Na carta-testamento, Vargas se apresentava como vítima de uma conspiração das elites e de interesses estrangeiros, o que provocou uma comoção nacional e o transformou em um mártir para muitos brasileiros. Com seu gesto, radicalizou ainda mais o debate ideológico que tomava conta do Brasil e resultaria no golpe militar de 1964, que derrubou João Goulart, sob o fantasma do comunismo. Jango, assim como Vargas, era gaúcho. Mas, em vez deste, preferiu deixar o país. Morreu no exílio.
O IPM da Marinha, finalizado em setembro de 1954, concluiu que Gregório Fortunato foi o mandante do atentado que tinha Lacerda como alvo. O pistoleiro Alcino João do Nascimento chegou atirando, sem nada dizer. O jornalista foi ferido no pé, mas fugiu para a garagem de casa com o filho Sérgio. Já o major-aviador Rubens Vaz partiu, desarmado, em direção ao pistoleiro.
Quando deu uma chave-de-braço no atirador, Vaz levou o primeiro tiro. Ao cair, tomou o segundo. O assassino foi identificado depois como Alcino do Nascimento. Não havia mais nenhum homem na cena do crime. Não era para Vaz estar na função da guarda de Lacerda na noite daquela quinta-feira. Ele substituiu outro oficial, Gustavo Borges, que lhe pedira para trocar o turno.
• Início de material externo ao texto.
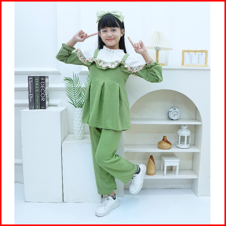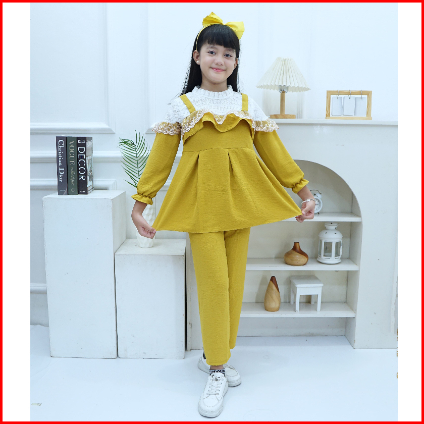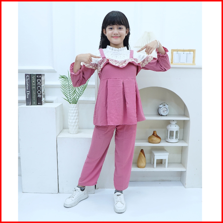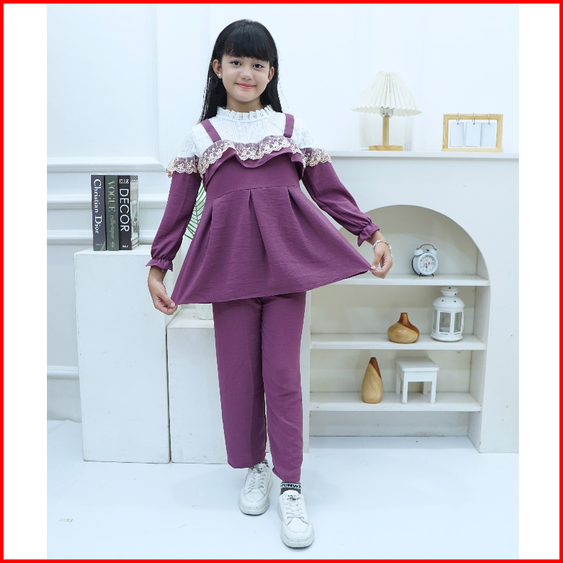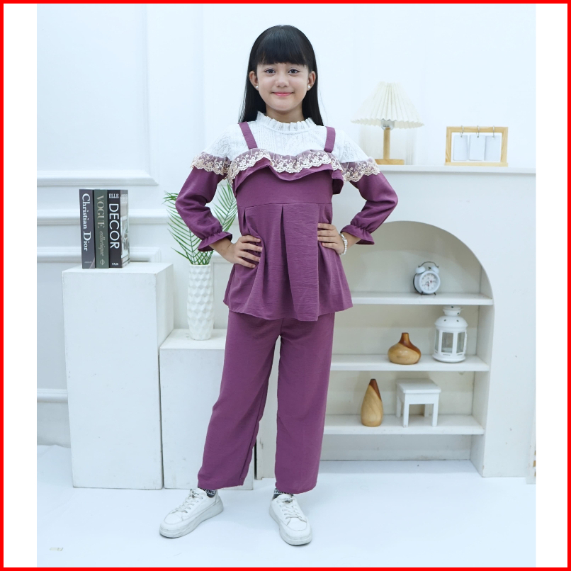 Baju Stelan Renda Mix Burkat Model Terbaru.. Usia 4 Sampai 14 Tahun
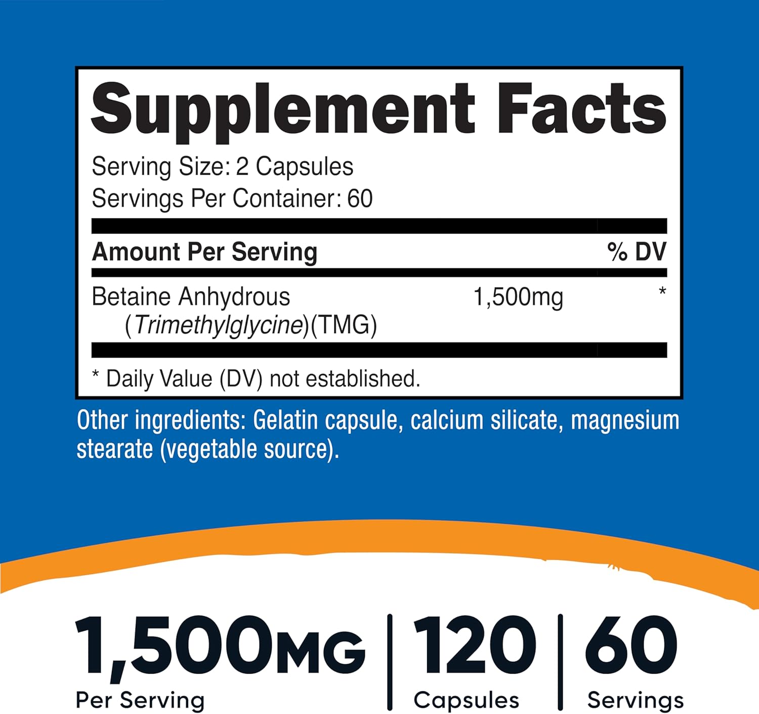 Nutricost Betaine Anhydrous Capsules 1500mg 120 Caps 60 Serv
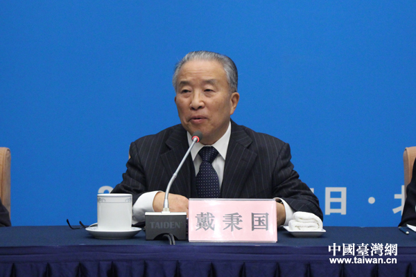 前國務委員戴秉國當選全國臺研會第七屆理事會會長,并在大會上致辭。(中國臺灣網 張潔 攝)
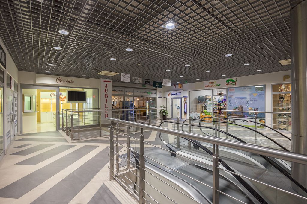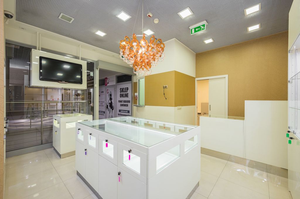 Lokal jest w pełni wyposażony wg. projektu renomowanej pracowni architektonicznej (możliwość przekazania kompleksowego projektu z inwentaryzacją kupującemu), meble, witryny z przeszkleniami na wymiar, wyspa w sali sprzedaży podświetlane LED. Ekrany LCD w sali sprzedaży z przeznaczeniem pełnienia funkcji dodatkowych nośników reklamowych (1 widoczny z zewnątrz, 1 widoczny od wewnątrz). Na ścianach tapeta, na podłogach wysokiej jakości gres, designerskie oświetlenie. Nowoczesna instalacja elektryczna z systemem zabezpieczeń, alarmem, zabezpieczeniami przeciwpożarowymi z czujnikami dymu i zraszaczami, monitoringiem. Przeszklona witryna z przygotowanym miejscem na powierzchnię reklamową (np. logo firmy). W pełni wyposażone zaplecze socjalne z kuchnią oraz WC dla personelu. Oddzielne pomieszczenie z dodatkowymi zabezpieczeniami - kantor z pancernymi szybami i drzwiami spełniającymi rygorystyczne normy towarzystw ubezpieczeniowych. W lokalu do 2021 roku znajdował się salon jubilerski z ekskluzywną biżuterią. Lokal idealny do prowadzenia działalności gospodarczej handlowej lub usługowej. Położony w miejscu o dużym natężeniu ruchu bezpośrednio przy schodach ruchomych (każdy klient galerii wjeżdża na I piętro na wprost lokalu), obok dobrze prosperująca restauracja, biuro obsługi PGNiG, punkt handlowy Szafy i Zabudowy Komandor, ponadto w Galerii - Banki, Auchan, kawiarnia, cukiernia liczne punkty handlowe, usługowe, salony piękności, Fitness.

A versão oficial foi confirmada por júri popular em 1956. Mas foi [e ainda é] contestada por pesquisadores ao longo dos anos, que apontaram falhas no inquérito. Alguns sustentam que havia partido de Lutero Vargas, o filho de Getúlio, uma ordem para um “susto”, mandar um “aviso” Lacerda. Nunca tentar matá-lo. Nunca foi feita reconstituição do crime ou acareação entre Lacerda e Alcino.